I never learned this in school, I say. This is why I travel. To come to know new things. And old things in other ways.


Learn from people, Israel tells me. They experienced it. Son historia viviendo—they are living history. But the books are necessary too. For names and dates.


La cosa es que, I begin… it’s easy to remember that the stories people tell are their own. It’s more difficult with books. Books are stories too. Each one has a perspective. But because they are written and bound we believe they are truths, facts, and we trust them . En realidad, you must find many ways to see a thing and decide for yourself which you feel is right.


Twenty three Mayan tribes exist today. Each with its own language. Each with its own style of clothes. The clothes themselves speak, showing language, tribe and town. Patterns of peacocks, of rain, of crops, of blood. The Mayan Cross is a universal symbol. Its four points represent the cardinal directions, the four colors of corn, and the four realms of social life: priest, king, artist, and the rest.
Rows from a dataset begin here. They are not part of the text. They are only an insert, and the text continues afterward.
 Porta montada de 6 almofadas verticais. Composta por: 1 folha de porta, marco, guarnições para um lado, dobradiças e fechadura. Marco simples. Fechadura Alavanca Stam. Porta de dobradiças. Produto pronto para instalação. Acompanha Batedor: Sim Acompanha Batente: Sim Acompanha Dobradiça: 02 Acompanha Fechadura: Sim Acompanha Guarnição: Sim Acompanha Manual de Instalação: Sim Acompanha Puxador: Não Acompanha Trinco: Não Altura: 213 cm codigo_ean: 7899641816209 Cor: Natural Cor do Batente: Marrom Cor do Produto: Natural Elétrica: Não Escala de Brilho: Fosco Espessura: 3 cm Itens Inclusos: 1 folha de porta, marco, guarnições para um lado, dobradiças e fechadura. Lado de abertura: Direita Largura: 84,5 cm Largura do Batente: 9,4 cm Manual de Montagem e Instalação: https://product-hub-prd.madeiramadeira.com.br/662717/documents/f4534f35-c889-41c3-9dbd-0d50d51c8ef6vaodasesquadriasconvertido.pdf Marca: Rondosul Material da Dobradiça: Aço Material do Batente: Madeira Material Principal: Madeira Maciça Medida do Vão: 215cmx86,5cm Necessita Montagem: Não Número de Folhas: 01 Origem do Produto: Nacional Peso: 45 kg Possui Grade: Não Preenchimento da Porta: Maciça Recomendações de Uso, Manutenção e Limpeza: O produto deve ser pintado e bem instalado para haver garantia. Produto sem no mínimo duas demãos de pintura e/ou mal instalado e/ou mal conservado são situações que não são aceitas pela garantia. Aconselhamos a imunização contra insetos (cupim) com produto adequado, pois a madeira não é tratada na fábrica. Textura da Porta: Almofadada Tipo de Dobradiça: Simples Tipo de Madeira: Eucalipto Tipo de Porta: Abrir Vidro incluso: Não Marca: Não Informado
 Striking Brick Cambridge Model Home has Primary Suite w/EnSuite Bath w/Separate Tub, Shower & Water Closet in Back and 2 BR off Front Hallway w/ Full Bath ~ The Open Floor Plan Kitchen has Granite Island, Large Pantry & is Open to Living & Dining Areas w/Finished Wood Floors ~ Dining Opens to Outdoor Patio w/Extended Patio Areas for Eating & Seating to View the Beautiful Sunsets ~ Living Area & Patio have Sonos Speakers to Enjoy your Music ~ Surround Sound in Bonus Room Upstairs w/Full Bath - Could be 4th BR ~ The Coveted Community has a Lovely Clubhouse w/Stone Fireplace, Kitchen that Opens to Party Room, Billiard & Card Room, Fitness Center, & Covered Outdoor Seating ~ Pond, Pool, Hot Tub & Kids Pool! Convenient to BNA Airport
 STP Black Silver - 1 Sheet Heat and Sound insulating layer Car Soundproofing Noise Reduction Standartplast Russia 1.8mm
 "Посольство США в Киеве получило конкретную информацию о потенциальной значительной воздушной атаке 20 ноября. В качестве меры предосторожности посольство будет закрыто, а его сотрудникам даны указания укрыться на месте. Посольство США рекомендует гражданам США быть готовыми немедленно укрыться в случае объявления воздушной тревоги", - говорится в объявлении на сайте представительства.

Ixchel Diosa is the goddess of the moon and the textile. She comes often to this world in the form of the serpent. The women wear almolongas, long, intricately designed bands around their heads to serve as snakes that connect them to her. In Guatemala, most wear the traditional dress. But still, little by little, they are losing their heritage. People come to see them as puppets and take photos, and buy trinkets, and leave. Con ojos que no vean, corazones no sientan. With eyes that do not see, the hearts do not feel. I am told that "the elders and leaders often stand fast and steady in their homes, suffering silently with sullen hatred in their eyes" as the others pass blindly by.